New era of transparency for the ILO and Qatar in support of workers’ rights

The ILO and the government of Qatar have published a new report on health and safety provisions for workers in Qatar, demonstrating a new level of openness and transparency in support of workers’ rights.

The report is a new marker of progress since the introduction of a modern system of industrial relations in Qatar, which includes the following:

  • a non-discriminatory minimum wage for all workers, with 13% of workers in Qatar having received a wage increase since March 2021 – the Minimum Wage Commission will review an evidence-based increase for the minimum wage in 2022;
  • the end to the kafala system, which abolished exit visas and gave 242,870 workers the freedom to change their job without their employer’s permission between 1 October 2020 and 31 October 2021;
  • the labour courts resolving complaints about non-payment of wages and working conditions from unscrupulous employers – this with coverage by a Workers’ Support and Insurance Fund;
  • domestic workers given a standard employment contract and receiving pay slips from their employers; and
  • elected committees of workers, along with joint committees elected in sectors, including hospitality, construction, security, and transport, resolving complaints at workplace level.

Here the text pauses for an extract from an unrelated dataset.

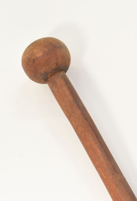 A vintage South African Zulu Tribe hide shield display of typical oval form with lattice panels mounted onto a wooden shaft with a knobkerrie style club and spear crossed on the back. Shield measures approx 59cmx37cm.

“Social dialogue between workers, government and employers is the model that Qatar has followed to establish its labour law reforms. This gives workers the foundation to resolve complaints and sets the standard for industrial relations across the Gulf region. Qatar’s labour laws have passed the scrutiny test by international unions.

“One year ahead of the World Cup in Qatar, employers are now being put to the test to follow the laws that protect workers’ rights in Qatar. Abuses of workers’ rights can now be resolved through dialogue with the Ministry of Labour or through the labour courts. There is nowhere for unscrupulous employers to hide,” said Sharan Burrow.

Legislation to protect workers from heat stress in May 2021, which extended the prohibited working hours, and the world’s largest study into heat stress, conducted in 2019, have given a legislative and evidence base to health and safety provisions. The ILO’s analysis of work-related injuries in Qatar and the level of transparency offered by the government are a model by which other countries can be judged.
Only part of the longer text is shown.